REQUIRED ACTION:
Apart from pictures, transcribe exactly each line from the one containing "kısa kol gömlek" through the final line of the listing below.

RECORDED INFORMATION:

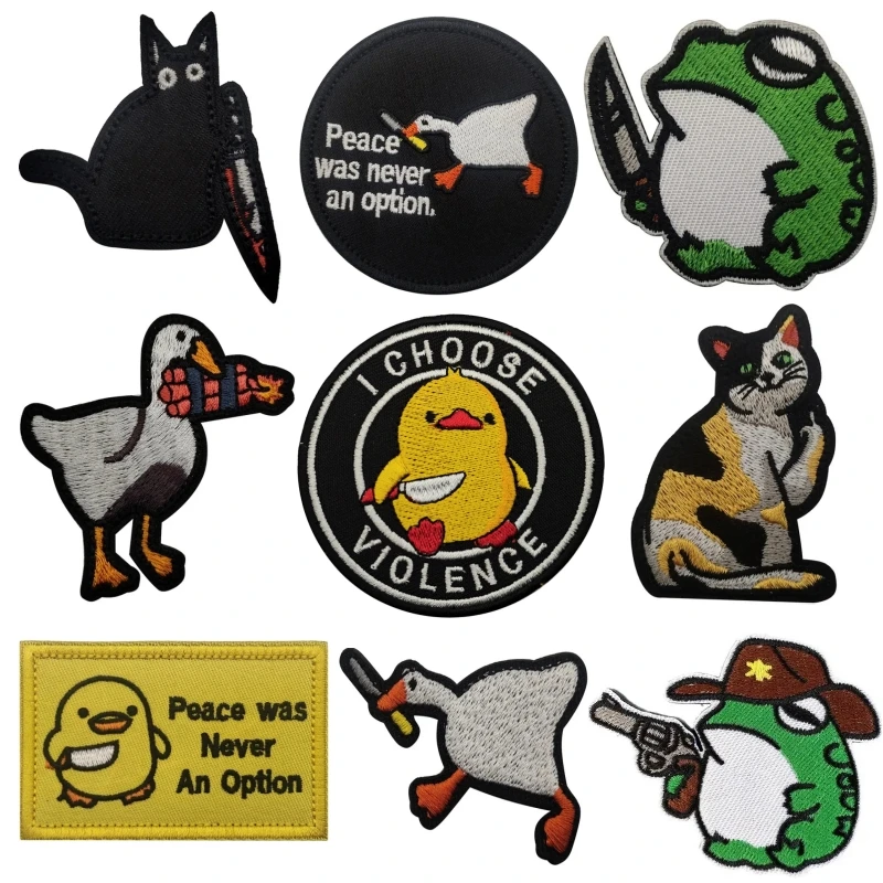 Bonitos parches bordados de animales de dibujos animados gato con cuchillo pato ganso Rana pegatina accesorio táctico insignias de moral parche de gancho y bucle
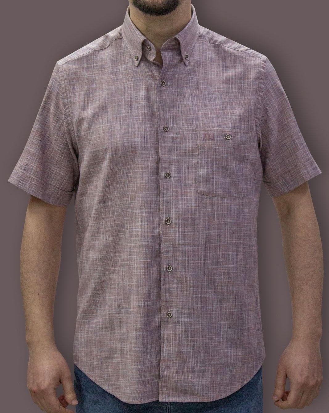 %100 Pamuk keten görünümlü kısa kol gömlek
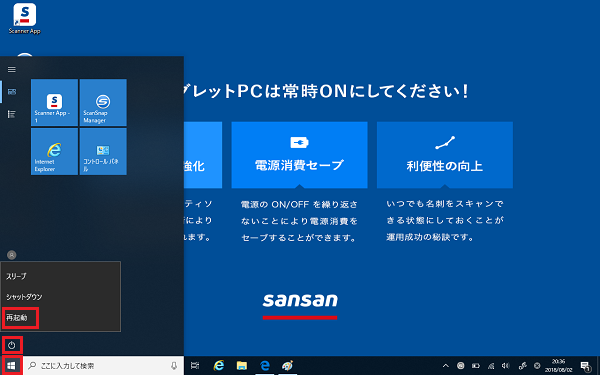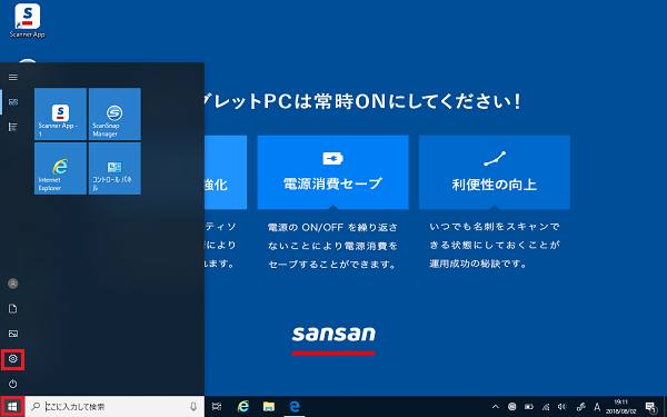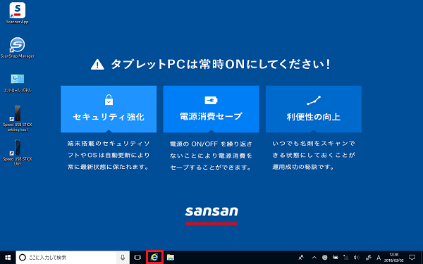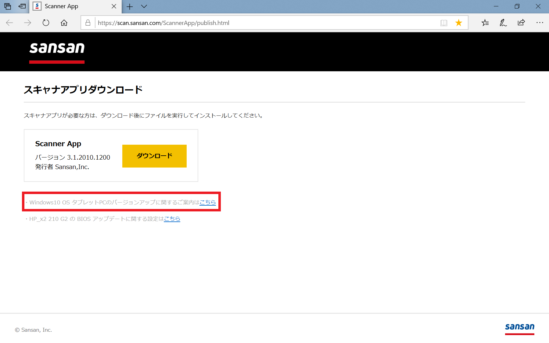 - 対象は Windows 10 OS の Sansanスキャナ(タブレットPC)機器です。Windows 8.1 OSの機器をご利用の場合は交換対応いたしますのでサポートセンターまでお問い合わせください。

SOLUTION TO THE PROBLEM:
 %100 Pamuk keten görünümlü kısa kol gömlek
 - 対象は Windows 10 OS の Sansanスキャナ(タブレットPC)機器です。Windows 8.1 OSの機器をご利用の場合は交換対応いたしますのでサポートセンターまでお問い合わせください。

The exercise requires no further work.